After eating they may try to get rid of food from their body by making themselves sick. Signs of regular vomiting could include:

  • leaving the table immediately after meals
  • dental problems such as tooth decay or bad breath caused by the acid in vomit damaging their teeth and mouth
  • hard skin on their knuckles, caused by putting their fingers down their throat

The need to obsessively burn calories usually draws people with anorexia to ‘high-impact’ activities, such as running, dancing or aerobics. Some people will use any available opportunity to burn calories, such as preferring to stand rather than sit.

They may try to make food pass through their body as quickly as possible. For example, by taking:

  • laxatives (medication that helps to empty the bowel)
  • diuretics (medication that helps remove fluid from the body)

In reality, laxatives and diuretics have little effect on calories absorbed from food.

Eating and food

Although anorexia means ‘loss of appetite’, people with anorexia nervosa do not usually lose their appetite – they like food and feel hungry.

However, they do not think about food in the same way as others. This is apparent in various ways. For example, they may:

  • tell lies about eating or what they have eaten
  • give excuses about why they are not eating
  • pretend they have eaten earlier
  • lie about how much weight they have lost
  • find it difficult to think about anything other than food
  • spend lots of time reading cookery books and recipes

Someone with anorexia nervosa strictly controls what they eat. For example, by:

  • strict dieting
  • counting the calories in food excessively
  • avoiding food they think is fattening
  • eating only low-calorie food
  • missing meals (fasting)
  • avoiding eating with other people
  • hiding food
  • cutting food into tiny pieces – to make it less obvious they have eaten little, and to make food easier to swallow
  • taking appetite suppressants, such as slimming or diet pills

They may also drink lots of fluids that contain caffeine, such as coffee, tea and low-calorie fizzy drinks, as these can provide a low-calorie, short-term burst of energy.

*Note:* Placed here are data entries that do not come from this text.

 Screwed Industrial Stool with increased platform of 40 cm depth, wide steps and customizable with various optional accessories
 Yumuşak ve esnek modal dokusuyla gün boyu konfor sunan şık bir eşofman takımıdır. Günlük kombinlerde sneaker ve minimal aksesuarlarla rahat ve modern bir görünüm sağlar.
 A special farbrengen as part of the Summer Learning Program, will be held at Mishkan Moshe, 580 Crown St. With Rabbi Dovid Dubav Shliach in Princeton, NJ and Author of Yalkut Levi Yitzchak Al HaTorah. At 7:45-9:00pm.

Some people with anorexia also use illegal stimulant drugs known to cause weight loss, such as cocaine or amphetamines.

Self-esteem, body image and feelings

People with anorexia often believe their value as a person is related to their weight and how they look. They think others will like them more if they are thinner, seeing their weight loss in a positive way.

They often have a distorted view of what they look like (their body image). For example, they think they look fat when they are not. They may try to hide how thin they are by wearing loose or baggy clothes.

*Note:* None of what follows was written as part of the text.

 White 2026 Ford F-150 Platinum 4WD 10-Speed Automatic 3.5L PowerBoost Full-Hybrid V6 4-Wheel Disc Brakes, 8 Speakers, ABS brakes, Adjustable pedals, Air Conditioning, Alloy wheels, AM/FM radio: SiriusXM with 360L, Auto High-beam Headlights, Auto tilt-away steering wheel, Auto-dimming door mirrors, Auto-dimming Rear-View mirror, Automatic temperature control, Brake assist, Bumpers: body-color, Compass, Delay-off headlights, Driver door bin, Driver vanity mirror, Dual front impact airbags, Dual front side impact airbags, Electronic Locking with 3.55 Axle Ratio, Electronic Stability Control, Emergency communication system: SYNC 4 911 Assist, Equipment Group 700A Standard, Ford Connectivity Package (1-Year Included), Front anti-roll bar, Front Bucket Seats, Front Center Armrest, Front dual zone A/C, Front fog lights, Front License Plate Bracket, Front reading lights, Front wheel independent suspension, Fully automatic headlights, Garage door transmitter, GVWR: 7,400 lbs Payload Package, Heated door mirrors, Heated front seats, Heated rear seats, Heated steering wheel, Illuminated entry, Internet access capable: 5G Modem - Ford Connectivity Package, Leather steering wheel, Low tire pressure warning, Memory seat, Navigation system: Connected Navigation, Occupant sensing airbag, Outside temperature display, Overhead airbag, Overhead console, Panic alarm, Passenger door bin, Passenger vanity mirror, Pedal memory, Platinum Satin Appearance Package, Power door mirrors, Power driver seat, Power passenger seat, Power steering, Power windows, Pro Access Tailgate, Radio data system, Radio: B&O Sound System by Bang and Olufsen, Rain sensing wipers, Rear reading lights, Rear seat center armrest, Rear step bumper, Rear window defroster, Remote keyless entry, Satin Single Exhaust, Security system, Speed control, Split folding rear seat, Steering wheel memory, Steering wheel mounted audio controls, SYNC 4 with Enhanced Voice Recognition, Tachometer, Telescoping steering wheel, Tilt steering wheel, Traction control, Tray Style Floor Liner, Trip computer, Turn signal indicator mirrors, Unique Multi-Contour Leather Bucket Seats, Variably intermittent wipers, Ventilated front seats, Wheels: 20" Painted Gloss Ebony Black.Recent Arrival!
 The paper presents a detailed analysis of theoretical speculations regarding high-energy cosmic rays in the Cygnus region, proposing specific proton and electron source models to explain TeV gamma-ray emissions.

Many people also practise a type of behaviour known as ‘body-checking’, which involves persistently and repeatedly:

  • weighing themselves
  • measuring themselves, such as their waist size
  • checking their body in the mirror

Anorexic people usually have low self-esteem or self-confidence. They may withdraw from relationships and become distant from family and friends.

Anorexia can also affect the person’s school work or how well they perform their job.

They may find concentration difficult, and might lose interest in their usual activities. They may have few interests, even though they seem busier than usual.

Other signs of anorexia

Eating too little for a long time can result in physical symptoms, such as:

  • fine downy hair (lanugo) growing on their body
  • more hair on their face
  • their pubic hair becoming sparse and thin

Their heartbeat may be slow or irregular, which can lead to poor circulation. They may also:

In children with anorexia, puberty and the associated growth spurt may be delayed. They may gain less weight than expected (if any) and may be smaller than other people of the same age.

Women and older girls with anorexia may stop having their periods (known as amenorrhoea or absent periods). Anorexia can also lead to infertility.